Mistrust, humiliation, fear, desire for revenge, apathy and mutual unwillingness to forgive… Welcome to the Israeli-Palestinian border! Your guide in the world of permanent conflict will be the “enfant terrible” of Israeli film Avi Mograbi.
Avi Mograbi is a Jew. He was born in 1956 in Tel Aviv. Though his origin is but a random circumstance, in an “apartheid state”, as Mograbi calls Israel, the question of race plays a crucial role. It is only due to the fact that he is Jewish that he was able to make his most renowned film Avenge But One of My Two Eyes which partially takes place on the hot ground of the military checkpoints in the Gaza Strip. As a Palestinian, he could hardly afford to turn his camera against Israeli soldiers; or rather, he could do it but once…
The Jewish origin of Avi Mograbi is also the main factor to define the crucial theme of his films. Mograbi copes with the Jewish identity of the Israeli state by means of an original authorial approach. He struggles with it, laughs at it, keeps a distance from it, analyses it, however, he never renounces it. Politics has become a natural part of his approach to documentary film. His position is not easy though. As a “left-winger”, he stands on the completely opposite side of the political spectrum than the overwhelming majority of the Israeli society. As a result, Israeli audiences “punish” him by an ostentatious lack of interest in his films. On the other hand, his politically themes have raised a great response abroad.

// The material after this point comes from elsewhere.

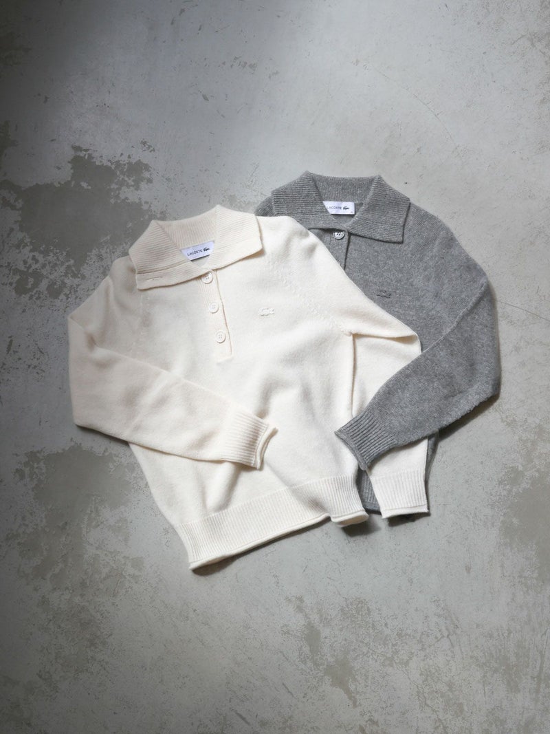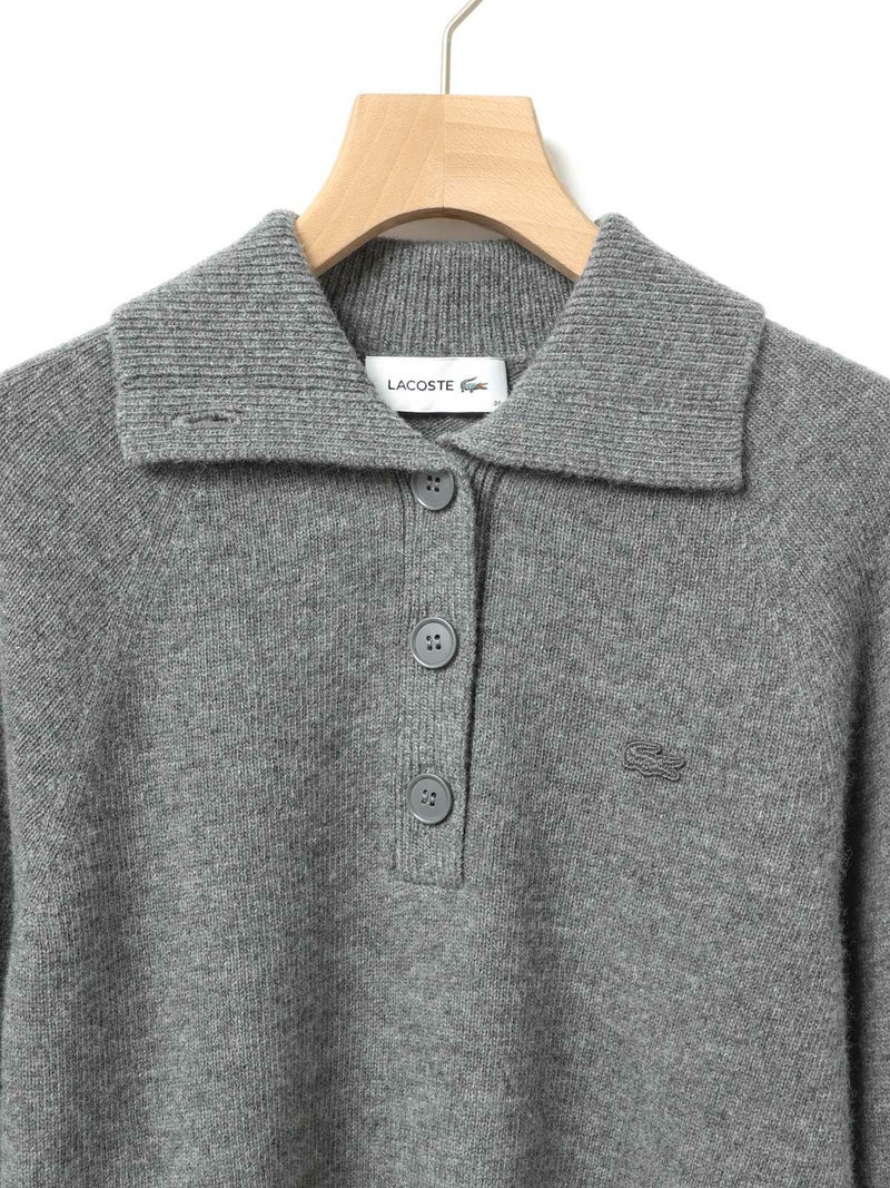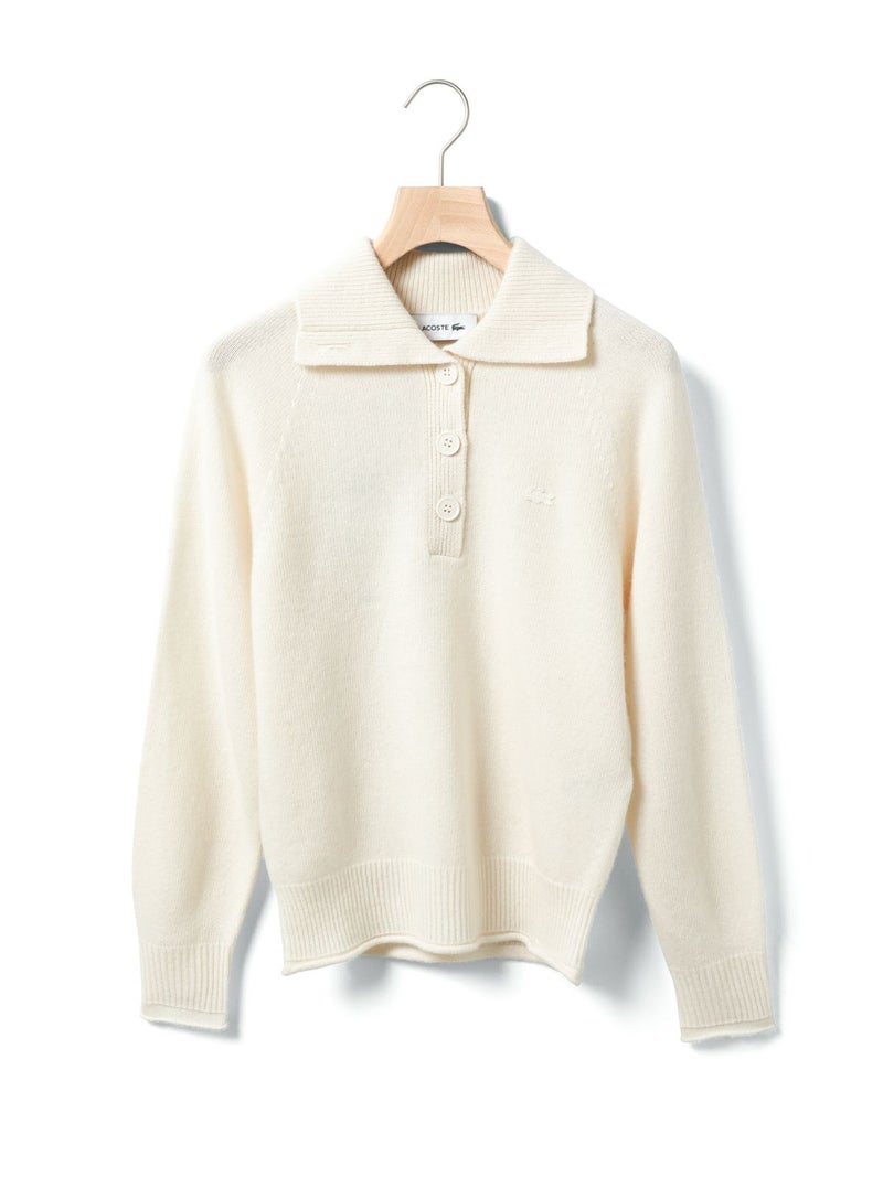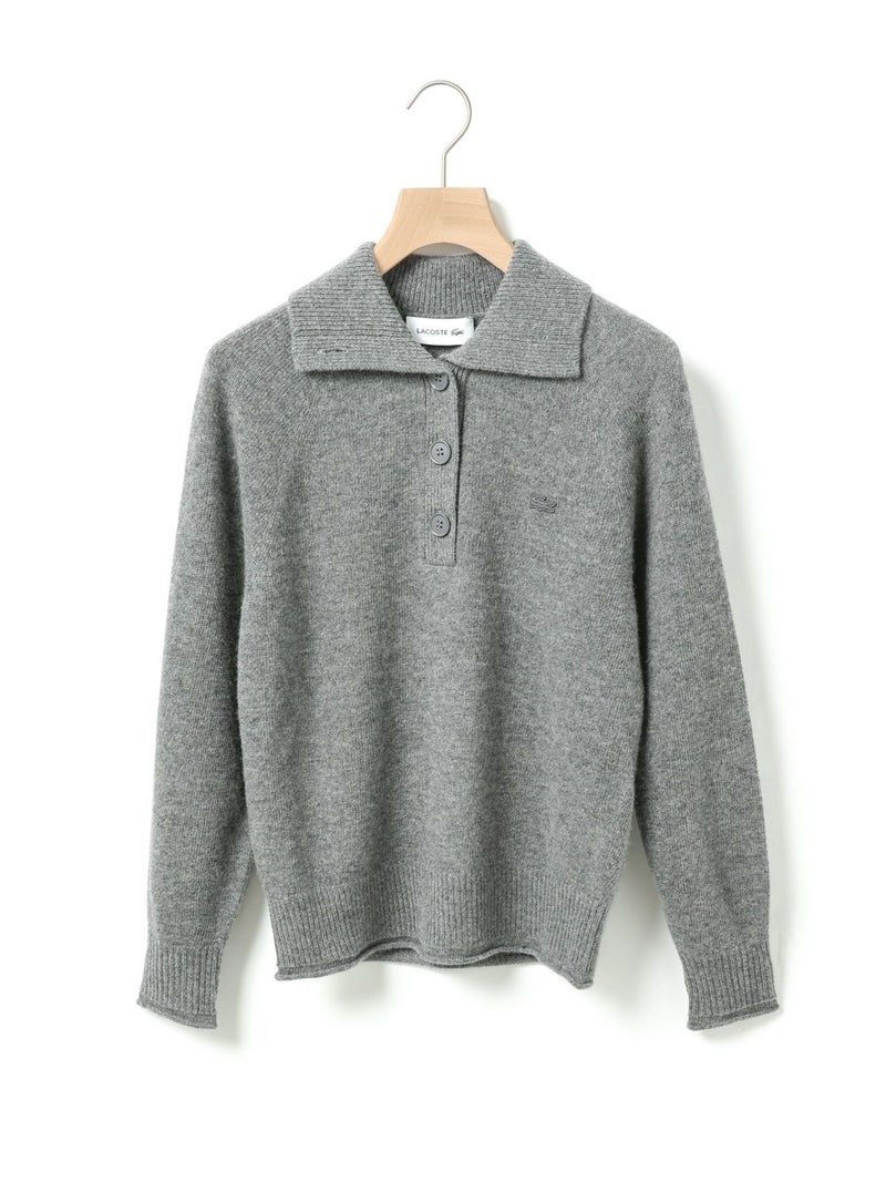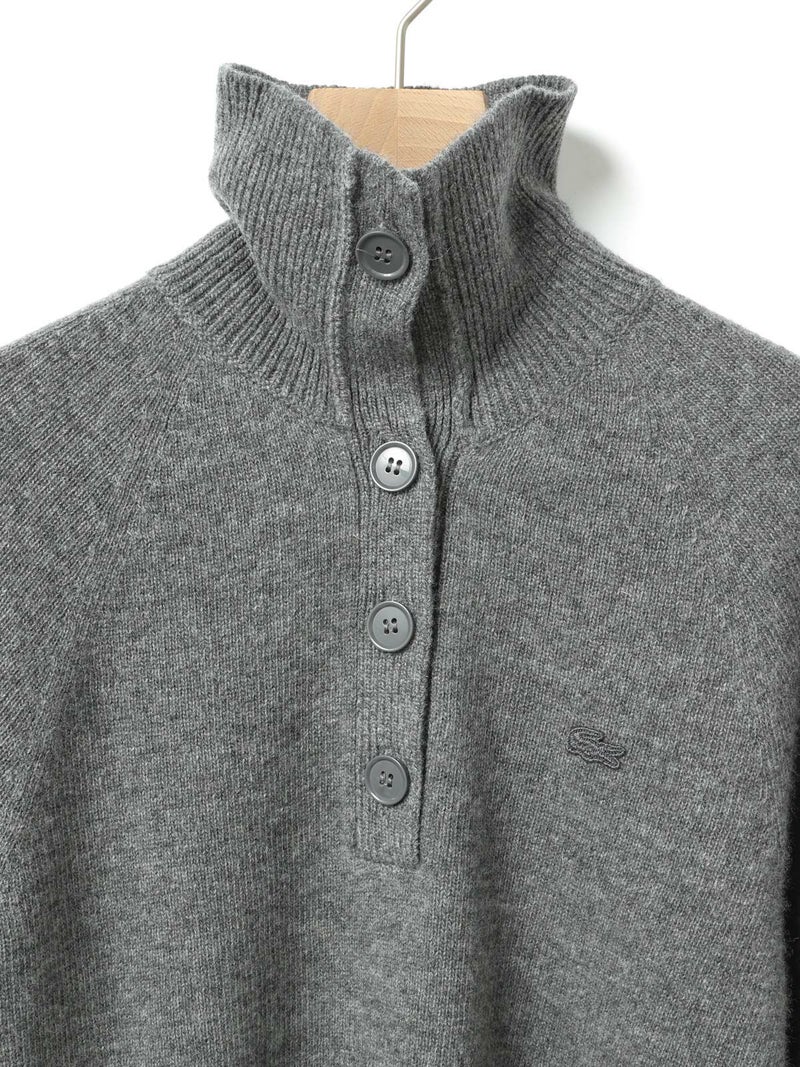 立ち襟リブと大きめボタンがアクセントのハーフボタンハイネックセーター。肉厚で温かみのある風合いが魅力の一枚です。袖口・裾口には切りっぱなし風のディテールを取り入れ、こなれ感のある仕上がりに。胸元にはボディと同色のワニロゴパッチをさりげなく配しています。

Besides the above mentioned Avenge But One of My Two Eyes, premiered at the 2005 Cannes Film Festival, the DAFilms portal will introduce other significant films from his filmography in the following week. Besides his extremely personal ironic social commentaries Happy Birthday Mr. Mograbi and How I Learned to Overcome My Fear and Love Arik Sharon, the greatest international critical response was raised primarily by his “musical-documentary-tragedy” Z32. A young Jewish soldier killed two policemen in a retaliatory action during his military service and is now looking for forgiveness together with his girlfriend. Mograbi stylizes his film confession as Brecht’s Threepenny opera with its typical alienation effect of a commentator introducing the individual scenes. In the key moments of the story, Mograbi steps out of the story completely, accompanying it musically in the spirit of Kurt Weil’s cabaret songs. Inappropriate irony or painful absurdity? That is up to the viewer.
Avi Mograbi has had the (ill) luck to become the “face” of his films. His notion of cinematography is very personal. The body of his work has become his own body; he guarantees his films by his own person. He has a special gift of being able to make fun of himself while taking his themes deadly seriously. He doesn’t believe in “observation” though, his camera always being part of the plot. Paraphrasing the term “fly on the wall” denoting a distanced observational documentary approach, he proclaims himself rather a “fly in the soup” with typical irony. He is stuck in it. Up to his neck. He may annoy you, he may disgust you, however, he won’t leave you cold.